It can still crash

Posted Feb 11, 2025 20:31 UTC (Tue) by NYKevin (subscriber, #129325)
In reply to: It can still crash by jengelh
Parent article: Maintainer opinions on Rust-for-Linux

C++ references are every bit as unsafe as C pointers, at least in the Rust sense of safety. The differences, for anyone who doesn't C++, are roughly as follows:

* A C++ reference must be initialized to point at something, and cannot be NULL (or nullptr).
* A C++ reference points at the same thing for its entire lifetime - it cannot be changed to point at something else (like a const pointer, unlike a pointer-to-const).
* For that matter, there is no syntax to distinguish the reference from the pointee - it auto-dereferences where appropriate.
* For some reason, much of the documentation insists on avoiding the word "pointing" in relation to references, instead claiming that a reference is an "additional name" or "alias" for an object.
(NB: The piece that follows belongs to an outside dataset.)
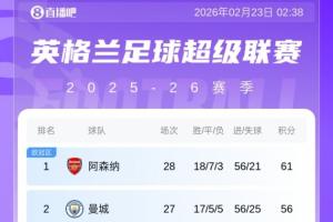 体育资讯2月23日讯 英超第27轮,热刺1-4阿森纳,此役过后枪手多赛一场(第31轮一场比赛提前进行,阿森纳2-2狼队),积分榜上的优势仍是5分。

But they are pointers, or at least there is no practical implementation other than as a pointer (on most reasonable architectures, in the general case, excluding cases where the optimizer manages to elide a whole object, etc.).

There is nothing which prevents you from destroying the pointee out from under the reference, which causes UB if you use the reference afterwards, so it is unsafe. It does prevent a few potentially dangerous patterns such as null pointers and pointers that get changed at runtime, but that is not the same thing as memory safety.

It can still crash

Posted Feb 13, 2025 2:14 UTC (Thu) by milesrout (subscriber, #126894) [Link] (1 responses)

"Every bit as unsafe" is exaggerated. They are memory-safer, but not entirely safe. That being said, I personally think they are much more dangerous. Taking a reference is hidden. Taking an address is not. So you can't tell if f(x) takes x by X or by X&, if it potentially modifies x or not. Rust references are more like C references in that you (usually) need to explicitly write &mut x to get a reference that you can write to the object through (but I think this is not true when you write x.f()).

It can still crash

Posted Feb 14, 2025 12:01 UTC (Fri) by tialaramex (subscriber, #21167) [Link]

Yes, if you use method call syntax (remember this is optional, although it will be more idiomatic in most cases to use method call syntax, Rust can express any method call as an ordinary function call despite not having full blown Universal Method Call Syntax) the transformation makes the appropriate reference types automatically (and so if it couldn't under Rust's borrowing rules that won't compile)

This will also happen if you use an operator, take AddAssign the trait implementing the += operator

description += " and then I woke up.";

... Is eventually just AddAssign::add_assign(&mut description, " and then I woke up.");

So if we lent out any reference to description that's still outstanding, we can't do this, likewise if we only have an immutable reference we can't use that to do this either. But the visible syntax shows no sign that this is the case.

In practice because humans are fallible, the most important thing is that this is checked by the compiler. It's valuable to know that my_function takes a mutable reference, when you're writing the software, when you're reading software other people wrote, and most definitely when re-reading your own software - but it's *most* valuable that the compiler checks because I might miss that, all three times.